Le crépuscule de l’Église catholique ?
Réflexions personnelles d'un non croyant sur le retrait de Benoit XVI et le devenir de l'Eglise.
Le catholicisme jouit d'un privilège unique :
Son organisation cléricale hiérarchisée avec, à sa tête, le pape de Rome.
Son Église "une, sainte, catholique, apostolique et romaine", avec un grand "E".
Un privilège qui, actuellement, confine au masochisme et lui confère un "désavantage comparatif" face aux confessions "concurrentes".
Outre qu'une telle organisation paraît typiquement ringarde, à l'heure où la hiérarchie est soigneusement niée (mais non pas supprimée) par les systèmes "en réseau", le management "participatif" (voire la démocratie du même nom) ou les relations "à la coule" dans les organisations, elle a l'inconvénient de désigner "urbi et orbi" le responsable unique de tous les maux pouvant, à un titre ou à un autre, émaner de l'Église, à travers les temps et le monde.

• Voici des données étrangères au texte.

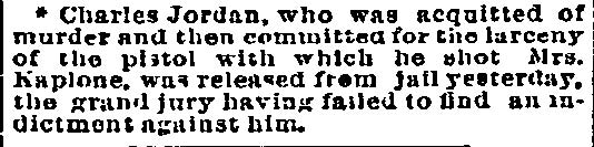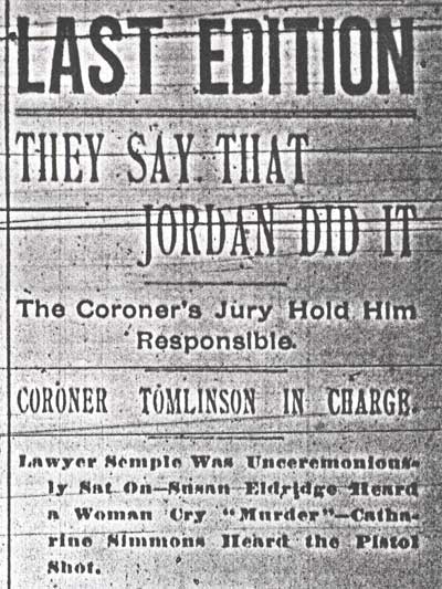 The Coroner’s jury in the Coplein murder has charged the negro Charles Jordan with the crime. Jordan has confessed to the deed of which he is accused and all that remains for the state to do is to legally determine the motive which prompted and the frame of mind which accompanied the homicide. Jordan, in admitting the shooting, declared that he had stolen a pistol from a saloon of which he was a habitué and carried it into the store for the purpose of disposing of it for money for a drink. Before going into the store he took the precaution to snap the hammer for the purpose of determining whether or not the weapon was loaded. Having satisfied himself that it was not he exhibited it to Mrs. Coplein and offered to sell it. Snapping it for the purpose of demonstrating the effectiveness of the spring of the pistol, it suddenly discharged, and Mrs. Coplein received a wound which proved fatal. This, in substance, is Jordan’s story. And it is significant that it is the “only” story which bears perfectly on the motive which prompted and the frame of mind which accompanied the act. The State’s officers profess to have evidence in their possession which tends to prove that their may have been bad feeling between the prisoner and Mrs. Coplein because of the robbing of her store some months ago, in which robbery the defendant was implicated, and for which he served a slight sentence in the county jail. It will require a mightier effort than that shown at most murder trials to pass sentence of death upon a man upon no better foundation than that. Jordan may have been a black-hearted murder. He may have entered the store of Mrs. Coplein with the sole and express purpose of shooting to death the victim of the tragedy. He may have been of such a vindictive mind as to require no greater motive to murder the defenseless woman than mere ill-feeling for causing his conviction of a crime. He may be all this and infinitely more, but so far as his counsel. Lawyer John Wartman well observes, there is no proof of the fact, for everything has been told of the shooting or of the motive comes from the defendant himself. The correct attitude for all intelligent citizens of the county is that judicial one which deems the defendant innocent until his guilt is judiciously proved. It is not only very suggestive of an ill-balanced mind to pass unqualified judgment on a partial or ex-parte state of facts, but not at all seemly in one who is called to do duty on trial jury which may have the deliverance of life and death in its behest. |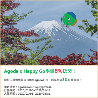 用1點兌AGODA 8%折價券,即可享住房8%折扣回饋唷!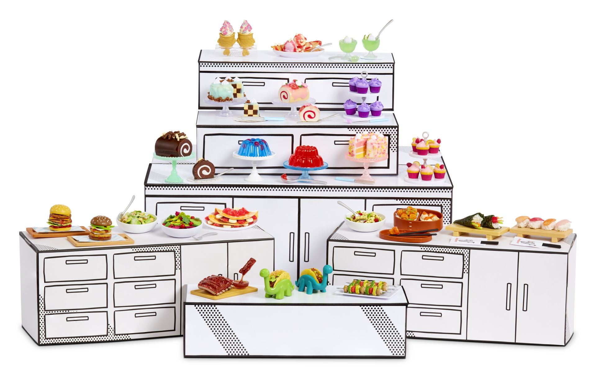 En er valt nog meer plezier te beleven! Niet alleen je voltooide miniatuur is leuk om te verzamelen. Van miniaturen van tacoschelpen of een saladedressing tot een drilpuddingvorm: er zijn meer dan 100 unieke replica-ingrediënten, -verpakkingen en -keukenaccessoires in serie 3 van Make It Mini Food™ Restaurant om te verzamelen en om je eigen mini-verzamelvoorwerpen te maken.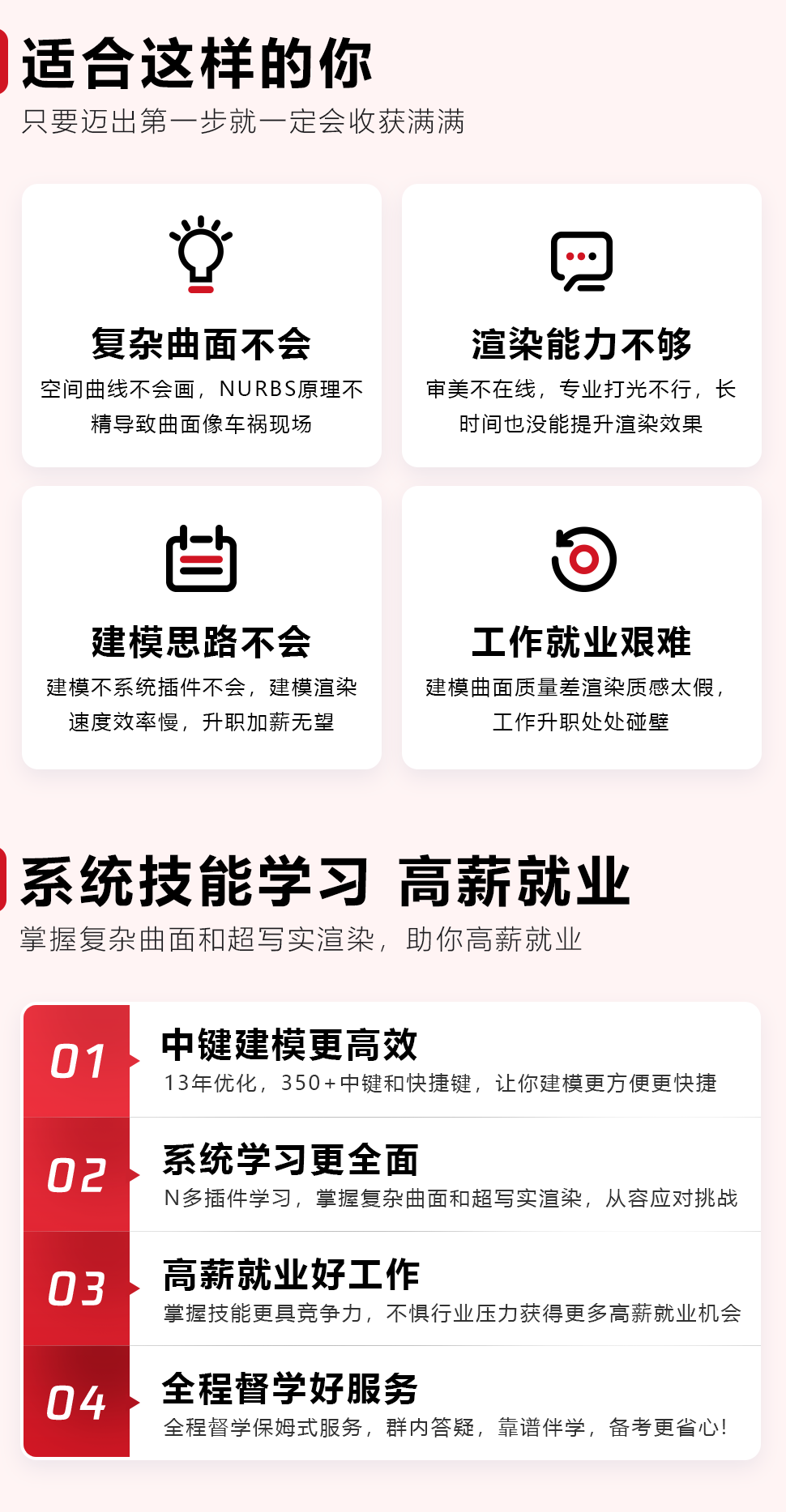 通过案例讲解教会大家如何将基本体、曲面建模技巧及知识点运用到产品造型中,学习Rhino插件T-Splines多边形建模方式、了解KeyShot软件渲染原理和内核参数的作用。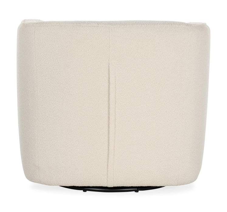 Take refuge in the cloud-like Bennet Swivel Club Chair in a modern tub-like shape with tight seat and back, and covered in the ultra-soft creamy white Woolly Linen fabric. Tight seat and back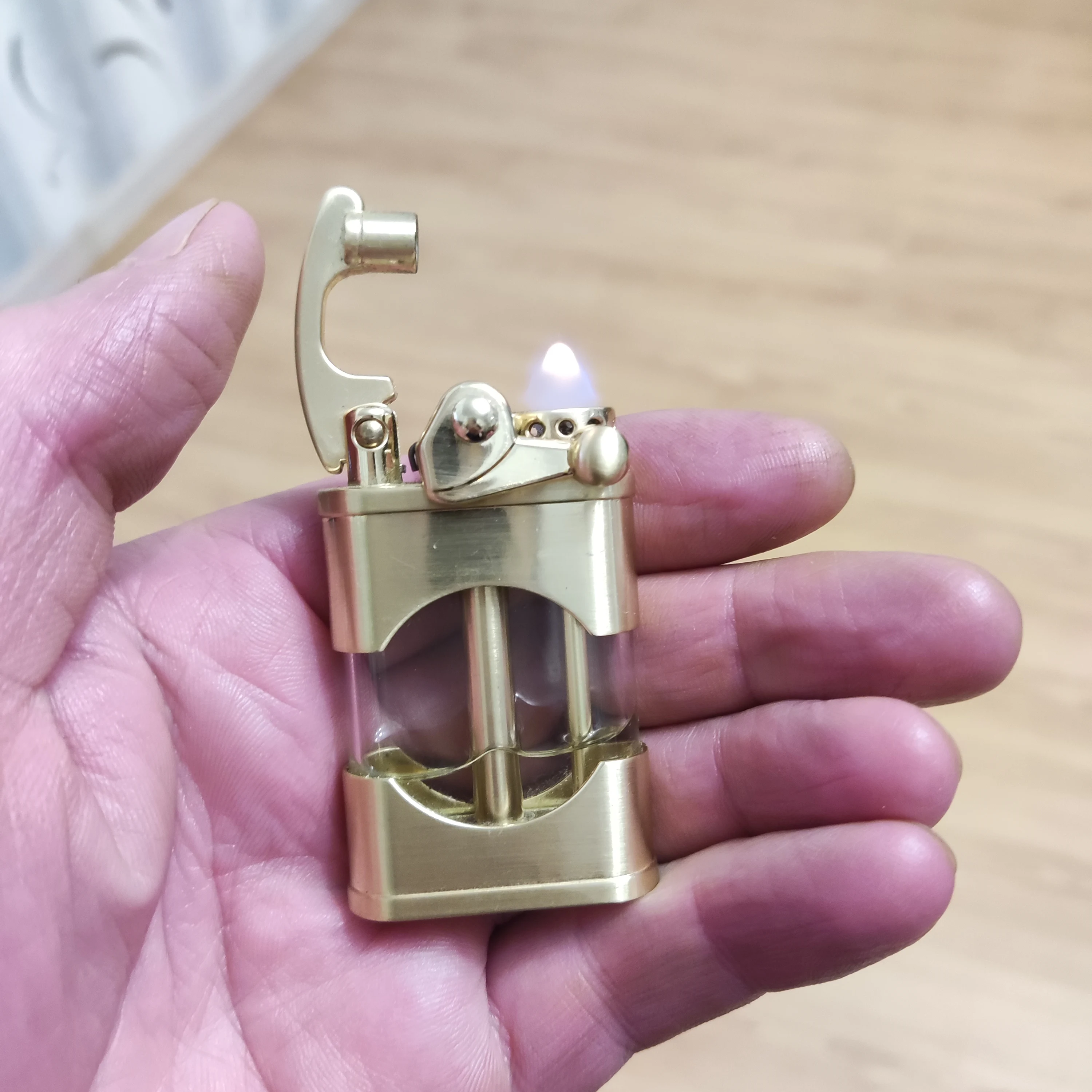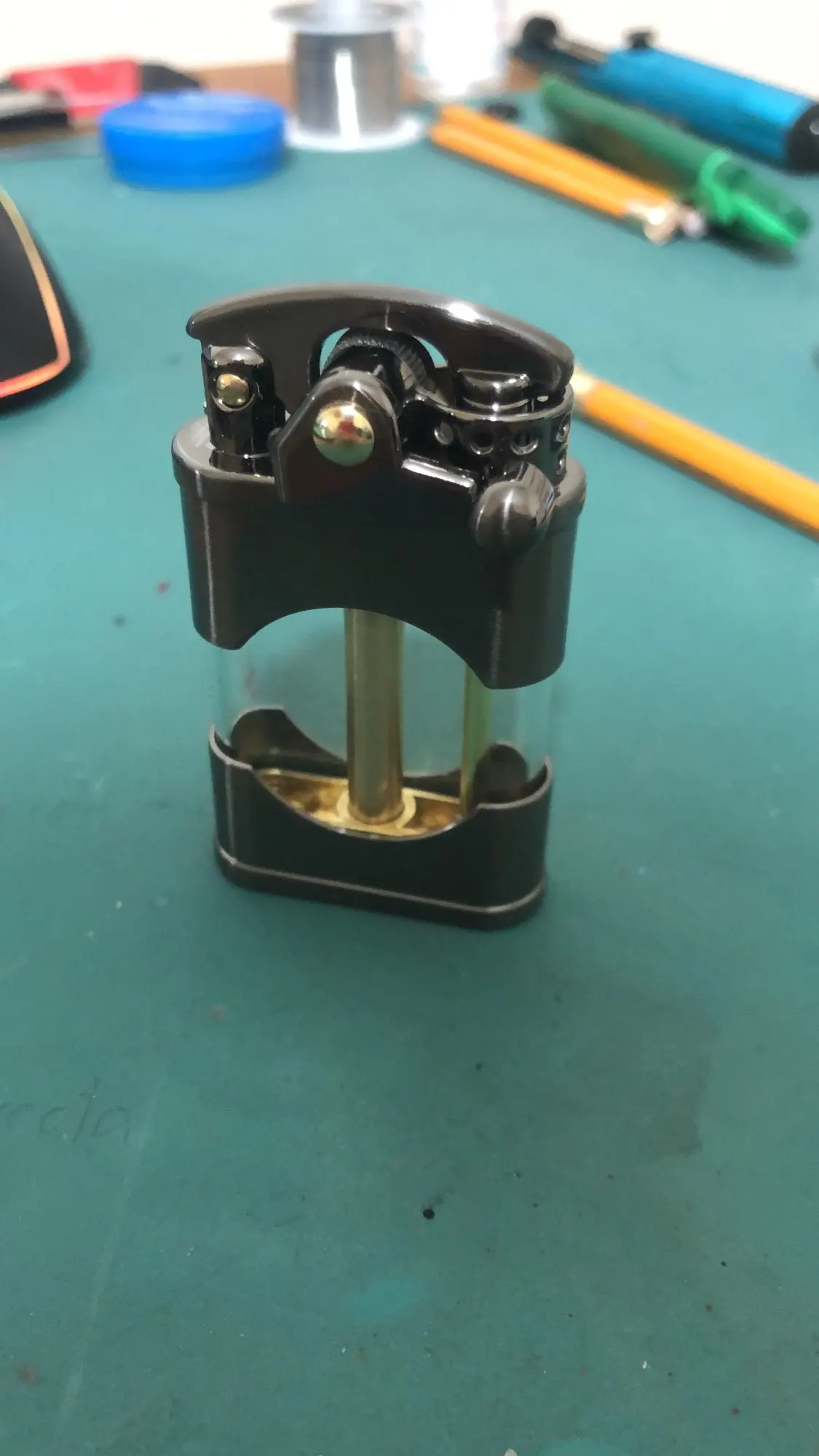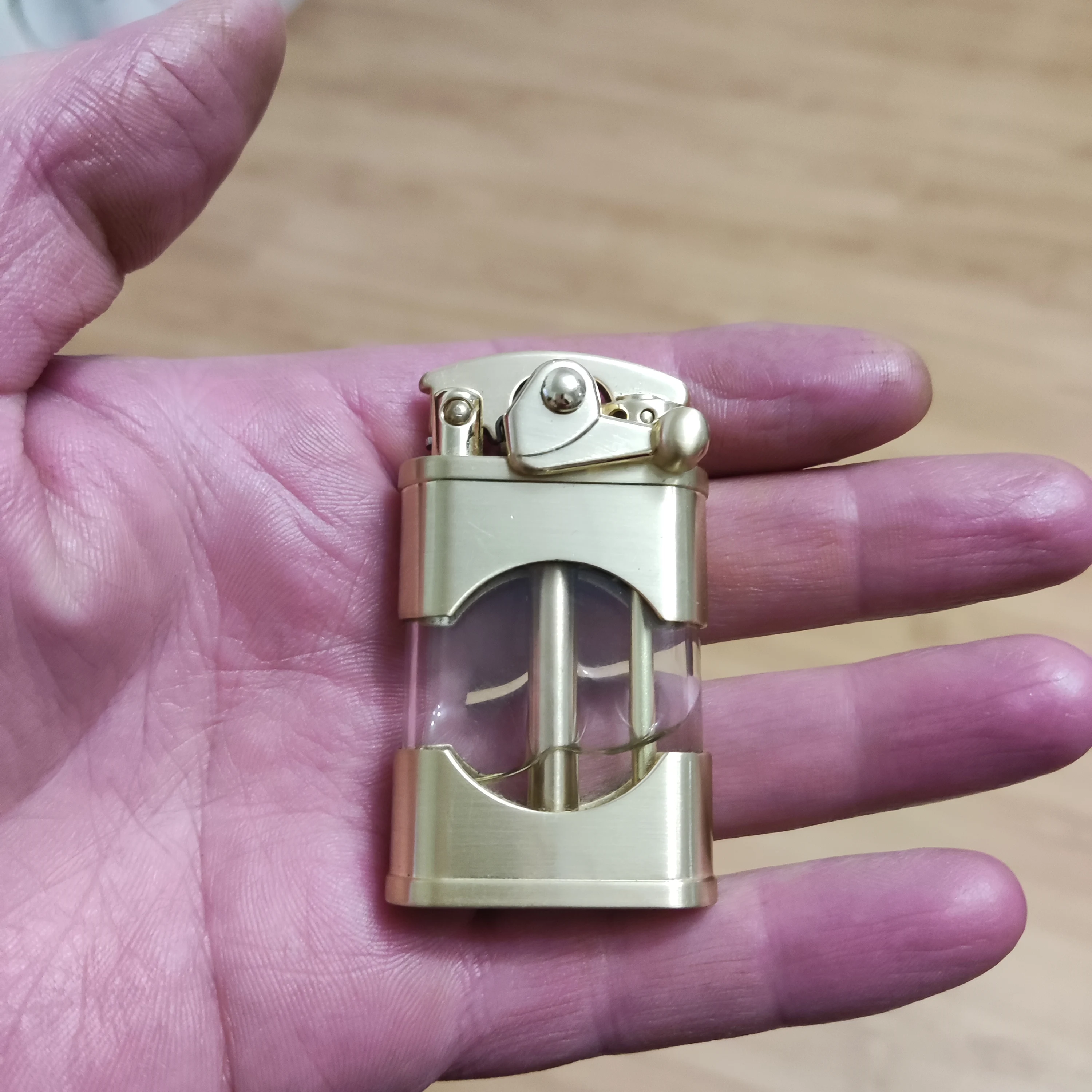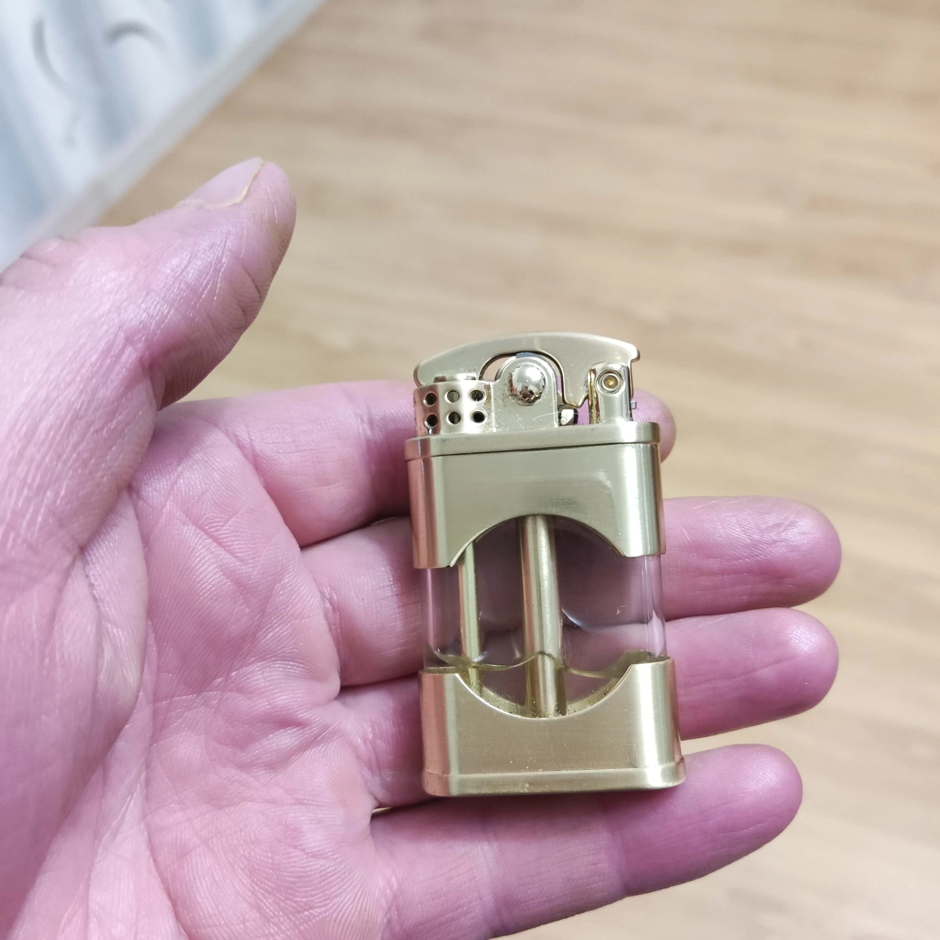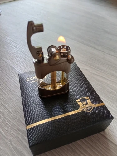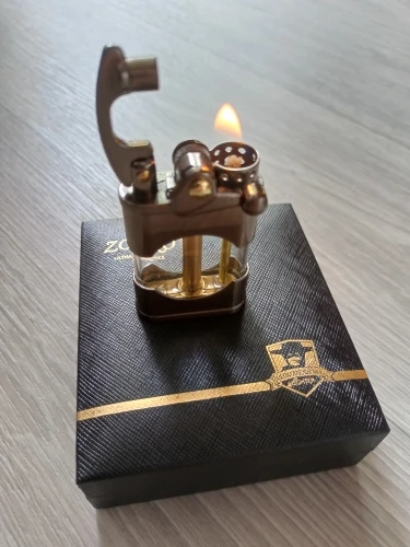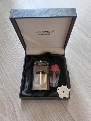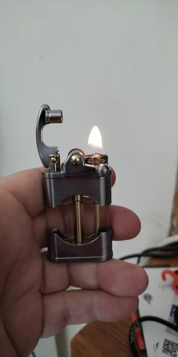 Прикольная зажигалка. Необычная механика, интересно на сколько хватит. Фитиль надо менять - через него быстрое испарение бензина. После замены фитиля бензина хватает на неделю и 6 пачек сигарет плюс побаловаться.

Depuis les croisades et la Saint-Barthélemy jusqu'aux agissements contemporains de prêtres pédophiles, en passant par la propagation du SIDA en Afrique.
Une situation unique : l'Islam n'a plus de tête depuis l'abolition du califat et la chute de l'Empire ottoman, le protestantisme s'est construit dès le départ en réaction contre l'Église de Rome et se caractérise notamment par un pullulement de sectes autonomes (Royaume-Uni et, surtout, États-unis) ou des organisations "nationalisées" (Allemagne…). Même les chrétiens orthodoxes, qui pourtant ne se sont pas opposés aux catholiques sur ce point, ne peuvent plus en dire autant : avec la submersion de l'Empire byzantin par les ottomans, le patriarche d'Istanbul/Constantinople n'a conservé qu'un primat honorifique face à des croyants restructurés en Églises nationales (russe, serbe, bulgare…).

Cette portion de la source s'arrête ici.